The retina contains a layer of photoreceptor cells, rods and cones. These are light- sensitive cells that detect qualities such as color and light intensity. Cones perform in bright light and give detailed colored images. In contrast, rods are exceedingly sensitive and perform in light that is too dim for the cones, but are unable to distinguish color, or create a well-defined image. There are approximately 125 million of these cells intermingled over the retina. In the center of the retina (the macula) is the fovea centralis, the part of the macula that provides the eye’s sharpest vision and the most color reception.

The Fovea Centralis

The Fovea Centralis is made up exclusively of cones and they are smaller and more densely packed than anywhere else on the retina. The information from these cells is processed and sent on to the brain through the optic nerve. The brain then takes this information and uses it to create sharp visual images. Unfortunately, if a patient has macular degeneration that is so advanced the fovea centralis is involved, their vision will be extremely limited or, in some cases, completely lost.
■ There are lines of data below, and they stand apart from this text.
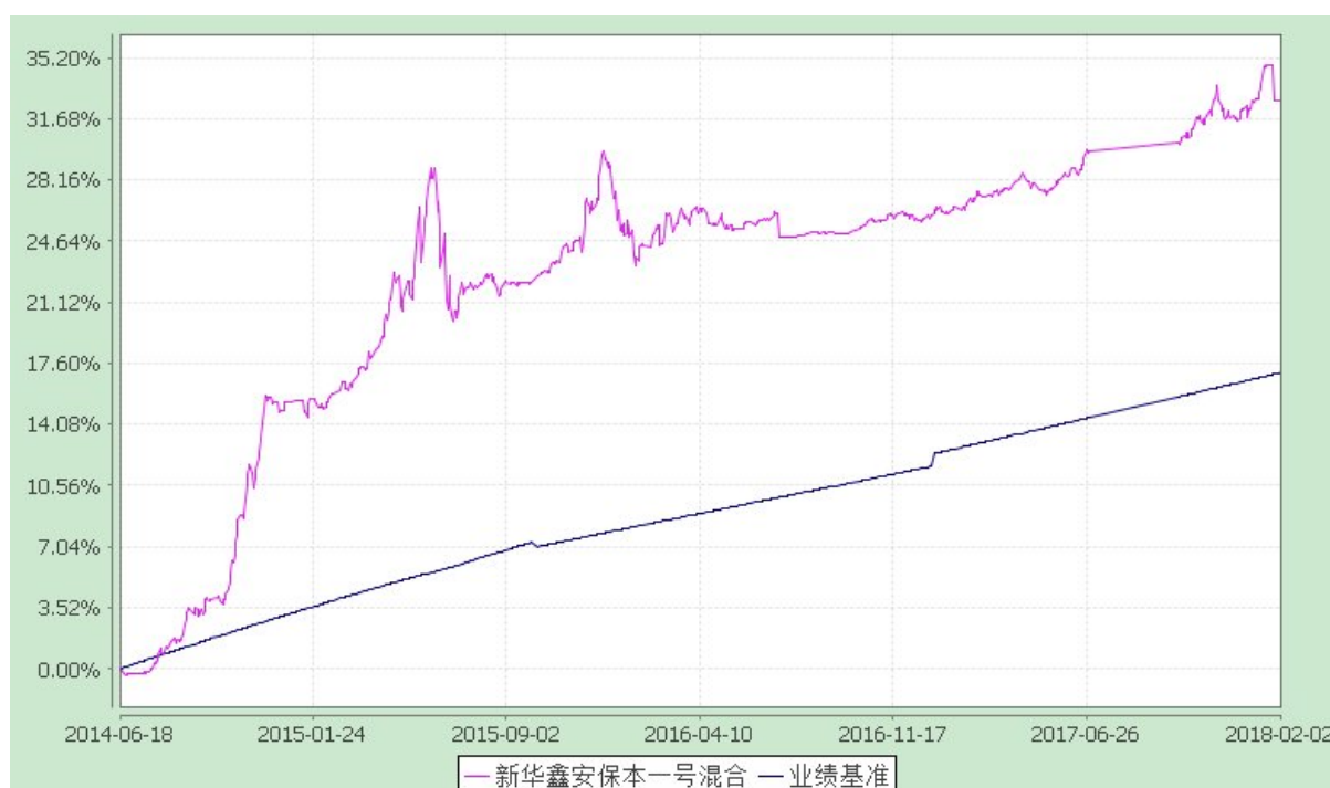
新华鑫安保本一号混合型证券投资基金 份额累计净值增长率与业绩比较基准收益率的历史走势对比图 (2014 年 6 月 18 日至 2018 年 2 月 2 日)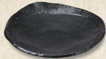
220-303-543 5,400円 黒粒大盛皿(28×6)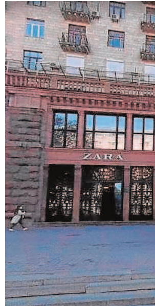
APUESTA POR EL TEXTIL

El mayor problema para España no son las inversiones ucranianas en España, sino las importaciones. No porque sean muchas, sino porque están concentradas la mayoría de ellas en los cereales. En 2019 las importaciones de aceite de girasol, maíz y, en menor medida, trigo, alcanzaron los 1.000 millones de euros. Asaja avisó ayer de que España importa anualmente casi el 30% del maíz que necesita de Ucrania.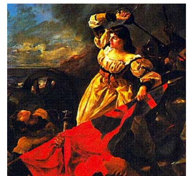
María Pita defende A Coruña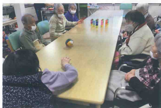
↑ デイサービスセンター恵阿南 (阿南市・宝田町) 鬼の絵を描いたピンをボールで倒していく「鬼退治ボウリング」をしました。ゲーム中に職員扮する鬼が現れ、利用者様を怖がらせようとしますが、利用者の皆さんは怖がるどころか笑顔で豆まきを楽しめました！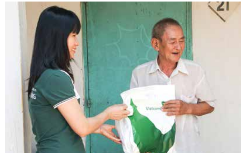
Đoàn TN Vietcombank Gò Vấp tặng quà cho các cụ già không nơi nương tựa

Cuộc sống sẽ đẹp hơn, sẽ hạnh phúc hơn rất nhiều khi được sẻ chia! □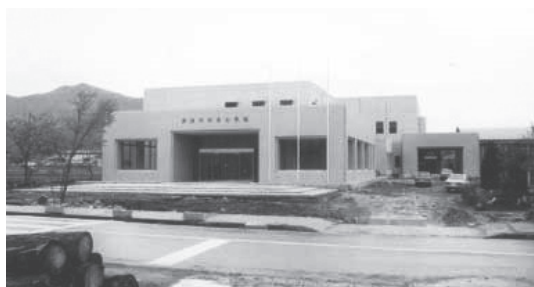
↑昭和52年頃の中央公民館

昭和52年4月に開館して以来、結婚式や青年団活動、成人式、各種団体サークル活動等、町民の皆さんにはさまざまな形で中央公民館をご利用いただき、本当にありがとうございました。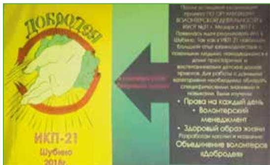
Эмблема волонтерского клуба «Добродея» п. Шубино, ИКП

Для большинства осужденных представленные и использованные материалы на тренингах являлись совершенно новой формой обучения, с которой они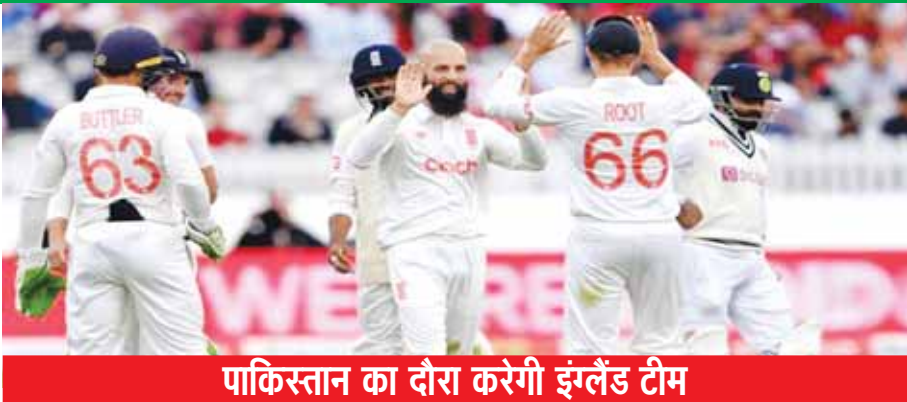
पाकिस्तान का दौरा करेगी इंग्लैंड टीम

मोईन ने 2014 में अपना टेस्ट डेब्यू किया था और इसके बाद उन्होंने 64 टेस्ट मैच में 28.29 की औसत से 2914 रन बनाए और साथ ही 195 विकेट भी झटके। मोईन ने पिछले साल सितंबर 2021 में टेस्ट फॉर्मेट से अपने संन्यास का ऐलान कर दिया था। उन्होंने ओवल में भारत के खिलाफ अपना आखिरी टेस्ट मैच खेला था।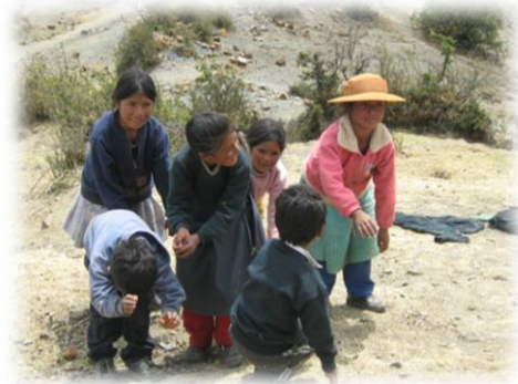
Fotos 41 y 42. Imágenes niños AEI en taller de Expresión Comunidad de Talhuis (Julio de 2009)

La lúdica y la competencia sana despliegan en los niños y jóvenes otras formas de sentir, su desarrollo en su propio contexto sociocultural, aparentemente desconocido o ignorado por las urbes peruanas y las políticas educativas y sociales del gobierno central.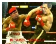
Буш vs Чавес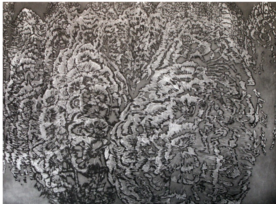
Olšoviště, 2005, škrábaná akvatinta, papír, 60 x 80 cm

Být jedno se vším, to je život božství, to je ráj člověka.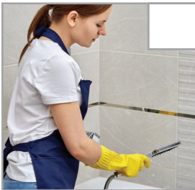
Bitte lassen Sie das letzte Badewasser im Whirlpool oder füllen Sie den Whirlpool mit sauberem Wasser über die Düsen, damit unser Personal den Whirlpool desinfizieren und reinigen kann.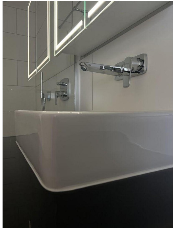
Badezimmer Wohnung II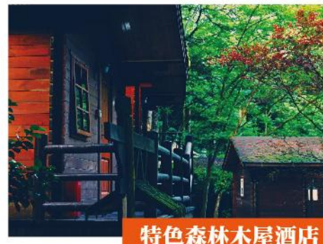
特色森林木屋酒店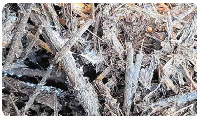
Növényi maradványok irányított bontása javasolt mikrobiális készítménnyel

Ennek köszönhető, hogy a szakértők szerint eljött a biológiai szemléletmód hajnala. Megoldást jelenthet a modern, tudományos alapokon, hosszú évek során kidolgozott, csúcstechnológiával előállított mikrobiológiai készítmények alkalmazása a termőtalajaink védelme érdekében. A világban és Magyarországon is hosszú ideje megfigyelhető a biológiai sokszínűség gyorsuló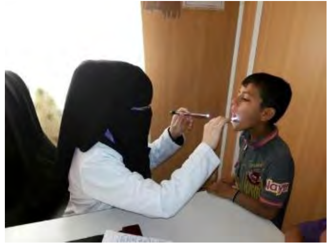
العيادة الصحية في مخيم العبيدي - الجمعية الطبية العراقية الموحدة

■ جرى فحص ألف و338 طفلاً دون سن الخامسة في مخيمات اللاجئين في اقليم كردستان العراق ضمن برنامج كوخ الاطفال الذي تدعمه اليونيسيف. وتواصلت مشاركة المعلومات والاستشارات بشأن قضايا الامومة وصحة الطفل، حيث نظمت 110 ندوة في مخيمات اللاجئين خلال فترة إعداد التقرير لتصل الى 790 امرأة حامل والامهات الجدد، حيث قدمت لهن المعلومات عن تغذية الطفل الرضيع والصغير.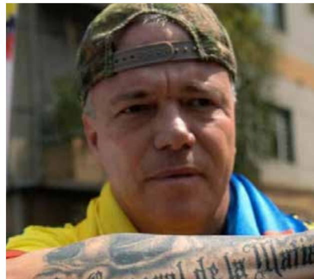
Jhon Jairo Velásquez: Conocido como «Popeye»

Colombia ha enfrentado una historia compleja de violencia y crimen organizado, y varios individuos han sido notorios por su papel en actividades criminales. Aquí te menciono a cinco de los criminales más conocidos en la historia reciente del país: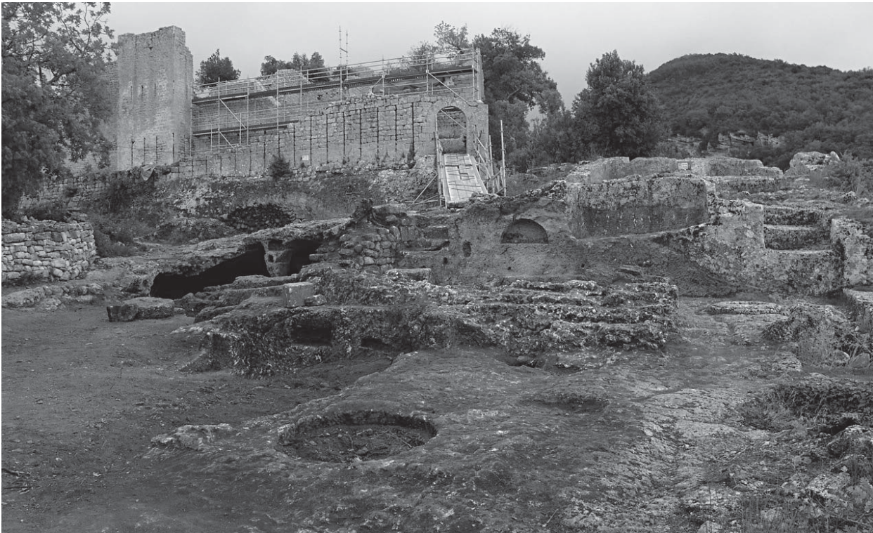
Fig. 6 : le Fort : le bourg et premières défenses.

Malgré les réserves et imprécisions, il est indéniable que le site de Saint-Germain constitue un point central pour illustrer la question de la présence des hommes dans le vallon. À l'appui des témoignages, et grâce à la découverte de l'autel tabulaire daté du haut Moyen Âge et conservé dans l'église paroissiale de Buoux, le site apparaît comme un élément clé. Véritable point d'ancrage de la société proto médiévale, calé entre l'Antiquité et le Moyen Âge, il permet de saisir le cadre qui s'instaure et aboutira à terme à l'implantation, durant le X e siècle, des règles de la société médiévale au temps de la féodalité. Et dès avant cette période, on assiste à la création de foyers organisés à partir de lieux de culte, comme il est pressenti pour le site de Saint-Symphorien.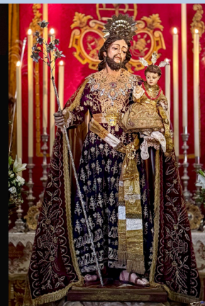
19 de Marzo 2026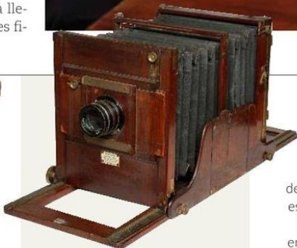
LA MÁS ANTIGUA de la colección: cámara inglesa Meagher, introducida en los años 1880, con sistema de fuelle y placas de cristal.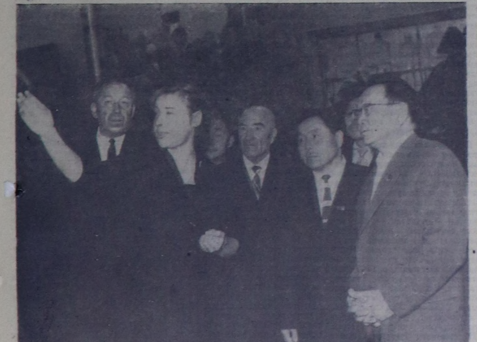
МОСКВА. СЭКП-нин XXII съездинин Тыва АССР-ден делегаттары 1961 чылдын Бүгү-эвилел уран чурулга делегаттын көрүп туралар. Фото В. Матюковтуу. (СЭТА-нын фотехроникасы).

Эштер! Республиканын ажалчы чоннары бүгү совет улус-биле кады, СЭКП-нин XXII съездинин төөгүтү шитпирлерин амыдыралга ботандырышаан, партиянын чаа Программанын айтканын төөгүтү орулгаларын чедипкинин күөсүдөр болгаш бистин чүркя коммунизмин тургузарынын ниети херезинге төлөтат салымшыкынын килер дөш боттарынын бүгү күштерин, чогаалчык бүгү энергиянын килеринге белин. (Ур адыш часнаашкыны).

The retina (and macula) is absolutely vital to your vision. Damage to it can cause permanent vision loss or complete blindness. Please contact Dr. Dudee and the staff at Medical Vision Institute in Lexington, KY if you believe you have suffered damage to your retina.

Age-Related Macular Degeneration Symptoms

  • Blurry or fuzzy vision
  • Difficulty recognizing familiar faces
  • Straight lines appear wavy
  • Dark spot in the center of vision
  • Loss of central vision

The Amsler Grid

The Amsler Grid is a tool that we use to detect vision changes resulting from damage to the macula.

  1. Test your eyes under normal lighting.
  2. Wear your normal eyeglasses.
  3. Position yourself about 14 inches from the Amsler Grid.
  4. Test each eye separately: Cup one hand over your eye while testing the other eye.
  5. Keep your eye focused on the center dot.
  6. Do any of the lines in the grid appear wavy, blurred, or distorted?
  7. Do you see all of the boxes?
  8. Are there any holes or dark areas in the grid?


If you do notice any distortion in the grid, it is important that you contact Dr. Dudee as soon as possible.

Commonly asked Questions about Retina and Macular Degeneration

There are two types of Macular Degeneration. Dry Macular Degeneration occurs when the cells of the macula slowly begin to break down. Eventually, there is a deterioration of the macular regions associated with the drusen deposits resulting in a loss of straight ahead vision. Wet Macular Degeneration occurs when abnormal blood vessels grow behind the macula and then bleed.

Age-related Macular Degeneration is an eye disease that can cause central vision loss in older people, typically affecting those 55 years or older.